Hurricane-Katrina
NASA Goddard Space Flight Center / Hurricane Katrina shortly after landfall

July 30, 2020; National Education Resource Center

Hurricane season, one predicted to be severe, has begun. In “normal” times. we know the havoc a storm can cause. With a pandemic ravaging our nation, hurricanes add just one more thing to worry about. But that is not to say we cannot learn from these storms: indeed, they have important lessons to teach us about racial inequity and how to avoid repeating past errors.

As communities shift to face storm clouds, in a recent paper published by the National Education Research Center, Kristen Buras of Georgia State University warns that as we prepare we urgently need to learn from our past.

Using Hurricane Katrina as a model, Buras suggests that nearly every natural disaster impacts communities of color the hardest and that recovery efforts leave them further behind. From her study, Buras shows how systemic racism is built into public policies.

We have of course, seen the same in the pandemic’s health and economic impacts. Buras points out that even how we see those numbers reflects our inability to recognize the inherent inequity of our nation.

As Buras observes, “those statistics are portrayed as a radical deviation from the norm.” But the larger question is why we as a nation do not express similar dismay when unemployment rates even higher than those experienced during COVID-19 are regularly experienced by Black communities in New Orleans and other cities.

Buras notes that, “the capacity to tolerate an unemployment rate exceeding 50 percent under “normal” conditions—so long as it only affects African Americans—speaks wholeheartedly to tolerance for racism.”
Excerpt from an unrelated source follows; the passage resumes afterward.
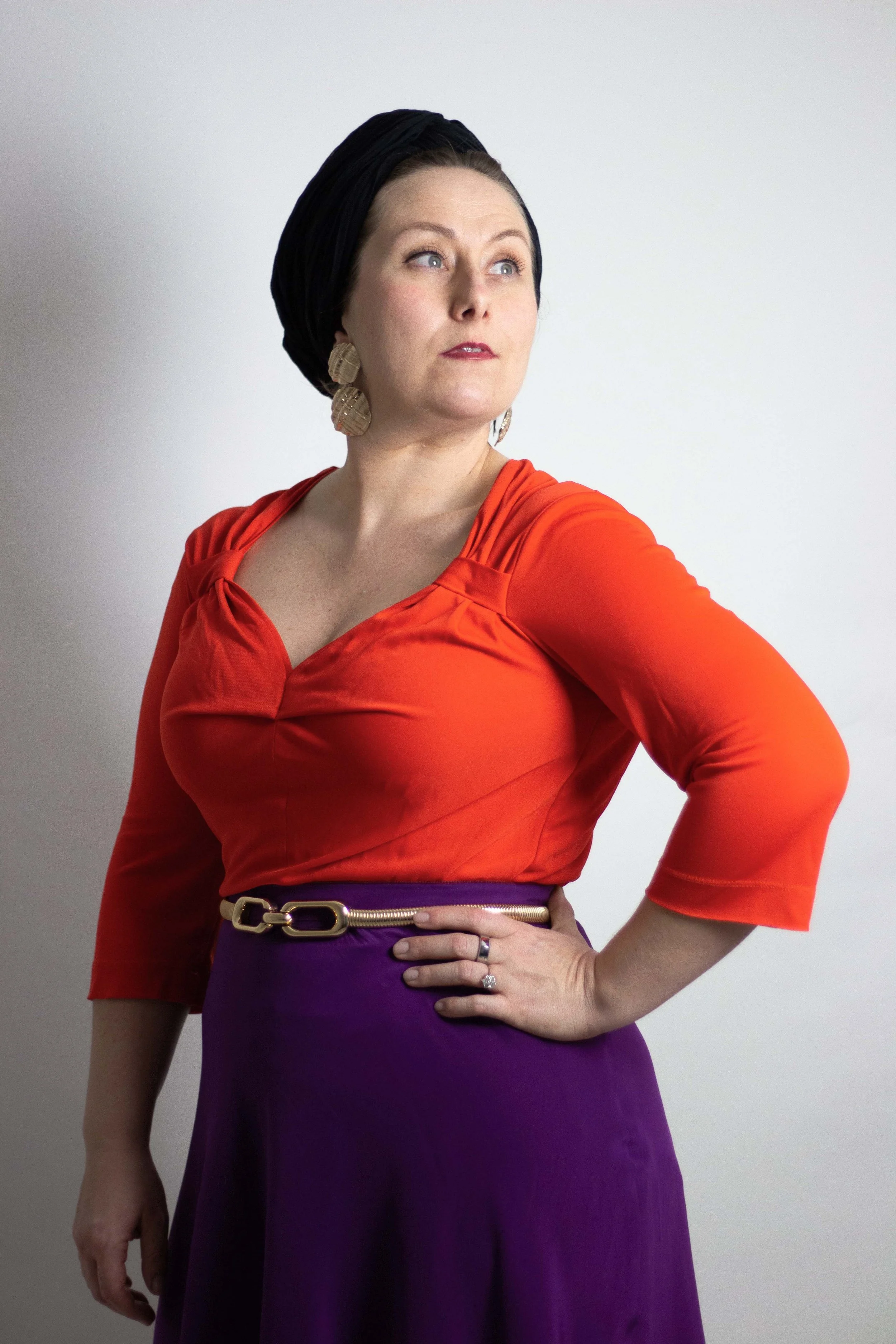 The orange jersy top and the purple skirt is an example off how different colours with the same bright shade can match.

Buras reminds us too that the fact that Black and Brown neighborhoods were more vulnerable was not a surprise. As she details, “In 2001, journalist Mark Fischetti reported: New Orleans is a disaster waiting to happen…If a big, slow-moving hurricane crossed the Gulf of Mexico on the right track, it would drive a sea surge that would drown New Orleans under 20 feet of water…Scientists at Louisiana State University (LSU) who have modeled hundreds of possible storm tracks on advanced computers predict that more than 100,000 people could die.”

The impact on Black and Brown communities were a direct result of earlier decisions by city officials to place their neighborhoods in locations most at risk of flooding. When the storm neared, public officials did not consider the differential rates of private car ownership that left Black residents stranded in the rising flood waters. Even the lack of urgency in the rescue efforts when the waters receded left thousands stranded demonstrating that to many in authority Black lives did not matter.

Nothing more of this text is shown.